Remy compiles annotated specs into full-stack applications: real backends, real databases, real auth. If you want to surface your agentic OS outputs as a proper web application — a dashboard that shows agent status, a CMS that skills can write to directly, or an interface for reviewing and approving agent outputs before publishing — Remy is the most direct path.
Instead of stitching together frontend frameworks, backend APIs, and database schemas by hand, you write a spec describing what the app should do and Remy handles the rest. The agent outputs from your Claude Code skills become structured data that a real application can read, display, and act on.
You can try Remy at mindstudio.ai/remy.
Frequently Asked Questions
What’s the difference between an agentic OS and just using Claude Code with good prompts?
A well-crafted prompt makes one task better. An agentic OS makes every task better over time. The difference is persistence: shared context that carries across sessions, skills that learn from feedback, and scheduled execution that doesn’t depend on you showing up. Good prompts are table stakes. The OS is what turns those prompts into a system.
Do I need to know how to code to build this?
No, but you need to be comfortable with file structures, markdown, and basic command-line operations. The skills themselves are markdown files. The scheduling is cron syntax. The learnings files are JSON. None of this requires writing code — it requires thinking carefully about inputs, outputs, and state.
How is this different from what OpenClaw or Hermes offered?
OpenClaw and Hermes were third-party wrappers around Claude. They added orchestration on top of Claude’s API, which meant they were dependent on Anthropic not changing the rules — which they did. Building an OpenClaw-like agent without OpenClaw is exactly what this architecture does: it replicates the useful patterns natively inside Claude Code, using only first-party tooling that won’t get blocked.
How many skills should I start with?
Start with three: one skill that does the core work you want to automate, one heartbeat skill that checks conditions and triggers others, and one summary skill that reports on what happened. Three skills is enough to see the system working. You add more as gaps become obvious.
Can skills from different projects share context?
Yes, if they point to the same context files. The simplest approach is a shared /context folder at a level above your individual skill projects. Each skill’s prompt references the shared brand context by relative path. This means updates to brand context automatically propagate to every skill that reads it.
What’s the best way to handle skill failures?

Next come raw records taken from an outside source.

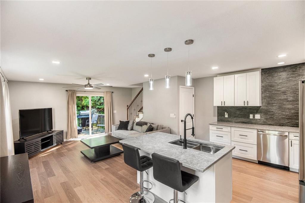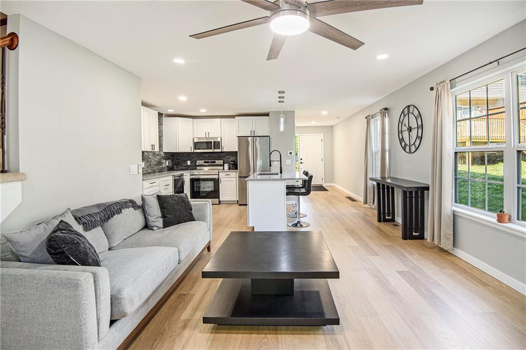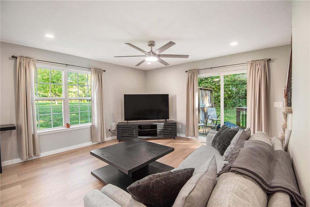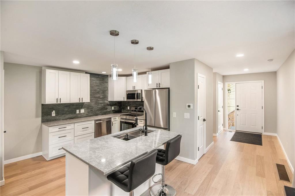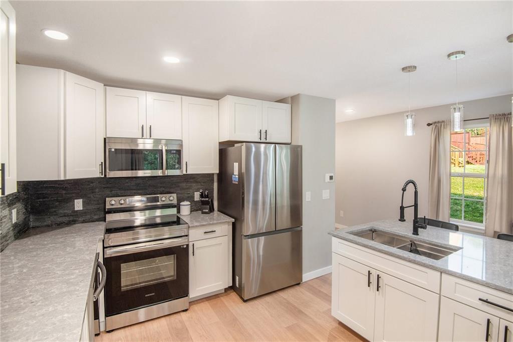 Renovated End-Unit Townhome where Modern Style Meets Everyday Comfort! Welcome home to this move-in-ready townhome that has been beautifully overhauled with high-end finishes and thoughtful design tucked in a cul-de-sac with a long drive way to provide plenty of parking. This 3-bedroom, 2-full bath, 2-half bath home blends style, function, and privacy in one perfect package. Step inside to all-new LVP flooring, a sleek kitchen with new quartz counters, new cabinets, stylish backsplash, and stainless steel appliances (fridge included!). The half bath features new cabinetry, and fresh paint and lighting updates flow throughout the space. Upstairs, the large primary suite impresses with vaulted ceilings, a full en-suite bath, and a walk-in closet. Two additional bedrooms share a Jack & Jill bath, each with spacious closets. Laundry is on bedroom level making it super convenient, and washer and dryer stay! The finished basement offers flexible living and has been recently finished with LVP flooring, a custom built-in desk, and even a coffee nook. Whether you need a home office, entertainment space, or playroom, there’s still room to make it your own, plus a convenient half bath rounds it out. Enjoy your morning coffee or evening wind-down on the private deck that backs to trees, offering rare privacy in a townhome setting. With a beautiful renovation already done for you, new flooring, fixtures, cabinetry, and more, this end-unit is the turnkey opportunity you’ve been waiting for. Prime KC location + modern updates = the perfect home.
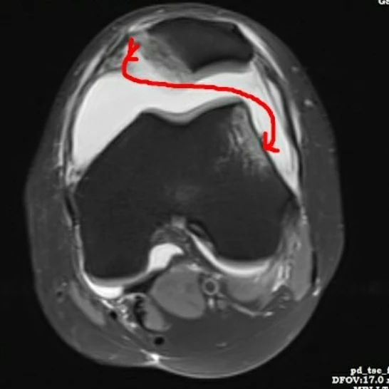 Small focal marrow contusions involving the medial patellar facet, anterolateral femoral condyle –related to Transient Patellar Subluxation.
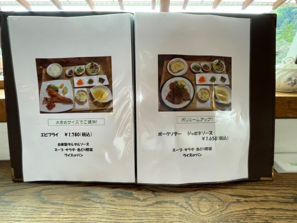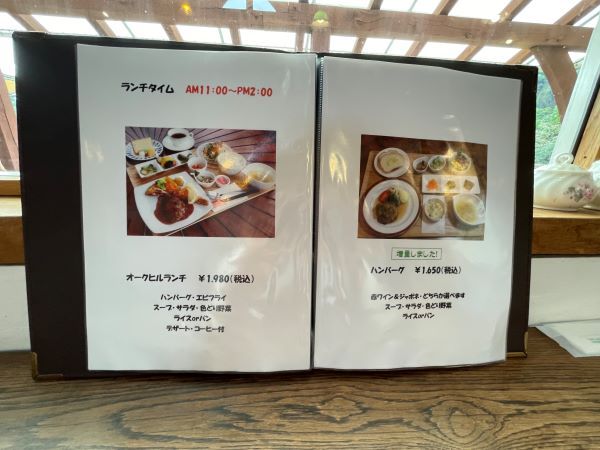 ランチタイムのメニューは5種類でした。 スタッフさんに一番人気を尋ねると、「オークヒルランチ」とのことでした。 「ハンバーグとエビフライの両方を食べたい人に、デザートとコーヒーもついてお得なメニュー」と説明されました。確かにデザートとコーヒーがついたセットはこの「オークヒルランチ」だけなので、店名がついたメニューは最強です。 まさに、食いしん坊の私のためのメニューだと思いましたが、今日は本命が別に有りまして・・。ハンバーグのセットも魅力ですが、今日は見るだけです。
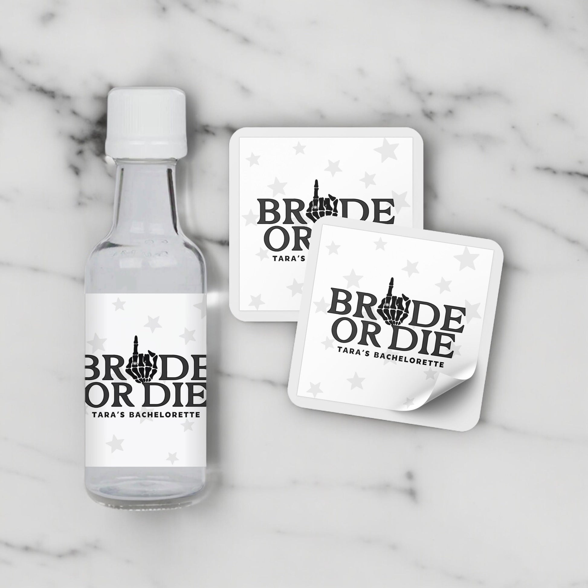Get ready for a spooky good time with our 'Bride or Die' bachelorette mini liquor label, perfect for a Til Death Do Us Party-themed celebration. This sticker label also serves as an adorable inclusion for bachelorette gift bags, adding a personalized touch. Gather your ghoul-friends, raise a glass, and make this bachelorette party one that's 'to die for'!
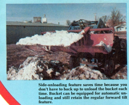 It's the new "positive ejection" bucket from Dohrman Manufacturing, Emerson, Neb. It's designed to do everything conventional snow or silage buckets will do, but it has the added advantage of automatic side unloading. A chain-drive ejector plate or arm moves across the bucket to push the load out either end. The hydraulically operated arm sweeps off a bucket full of snow or silage in less than 3 seconds.
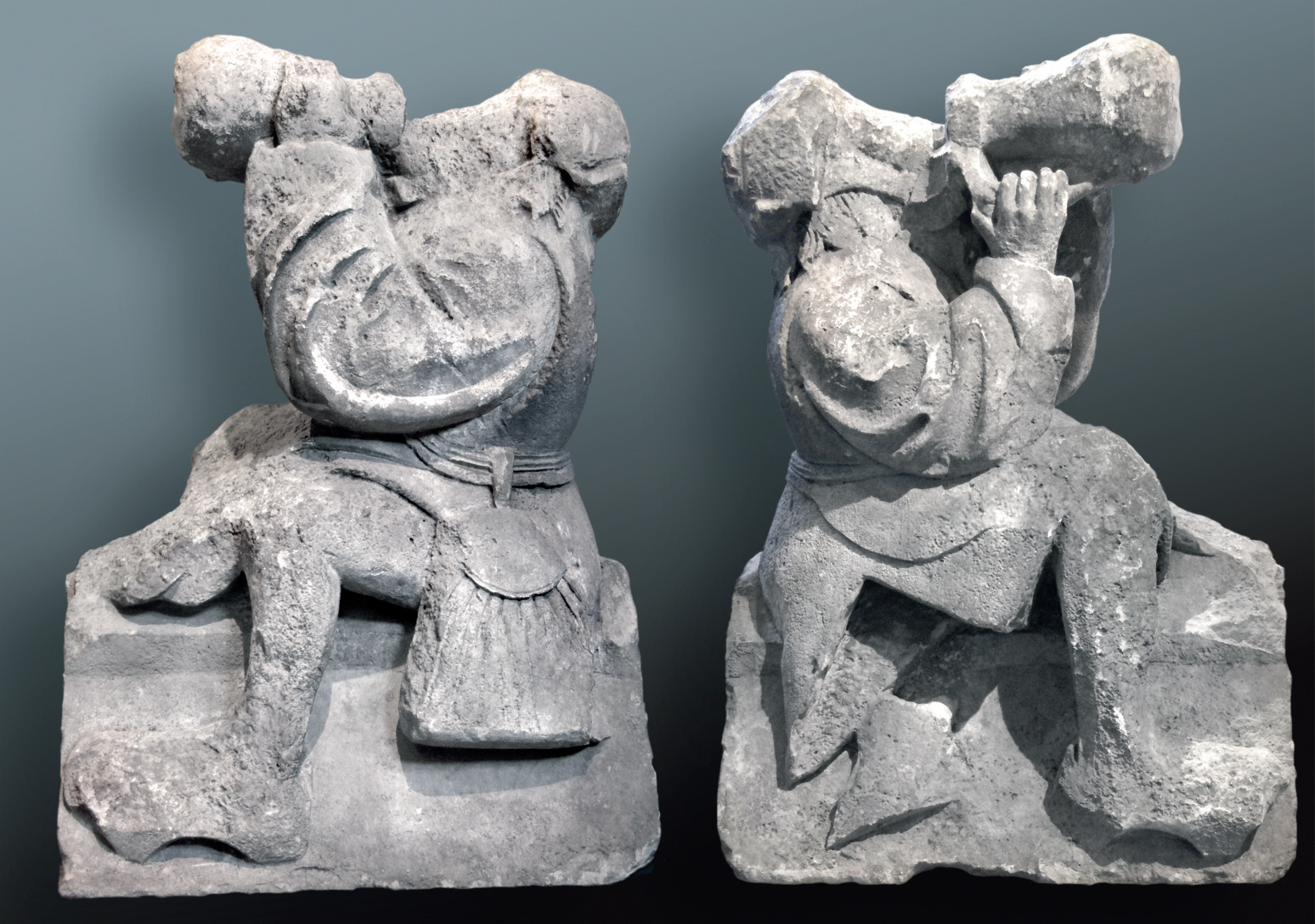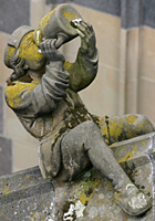 Eveneens aan de noordzijde was het beeld van een drinkebroer, een dronkenlap geplaatst (N-V.2).110 Hoewel het gezicht van het verder goed bewaarde beeld verminkt is, kan overduidelijk de sterk misvormde mond en kin worden waargenomen. Met beide handen zet de figuur een stenen schenkkan of kruik aan de mond. Er zijn nog meer overeenkomsten met het voorlaatste beschreven beeld. Ook deze figuur draagt een soort schort, die aan de onderzijde gescheurde flarden vertoont, over kleding met wijde mouwen. Bovendien draagt hij op het hoofd een muts met grote flappen aan de zijkanten. Verder valt op dat hij trippen, houten overschoenen draagt en een grote gordeltas aan de riem heeft hangen, wat beide op enige welstand zou kunnen wijzen. Mogelijk zijn de uitgebeelde figuren ‘sinnelozen’, die die door overmatig drankgebruik een delirium hebben opgelopen en in de laat-middeleeuwse maatschappij tot de waanzinnigen werden gerekend. Een dergelijke aandoening hield geen rekening met maatschappelijke klasse; het kon iedereen, arm of rijk, overkomen. | 379 |

Write errors to a dedicated errors.log file in each skill’s output directory. Have your heartbeat skill check this file and flag anything that’s been unresolved for more than 24 hours. For critical skills, add a retry instruction at the end of the prompt: “If output does not meet the eval criteria after two revisions, write a failure note to errors.log with the specific issue.” This gives you visibility without requiring you to monitor constantly.
Key Takeaways
- An agentic OS in Claude Code requires four layers: persistent memory, modular skills, a self-improvement loop, and scheduled execution.
- Shared brand context and context folders serve different purposes — one is evergreen, the other is operational. Both are essential.
- Skills should be narrow, testable, and chainable. Start with three and add more as gaps appear.
- The learnings loop and eval.json pattern turn a one-time prompt into a system that improves with every run.
- Scheduled tasks and the heartbeat pattern are what make the difference between an on-demand tool and a system that runs your business logic continuously.
- If you want to surface agent outputs as a real web application, Remy handles the full-stack layer without requiring you to build and maintain it manually.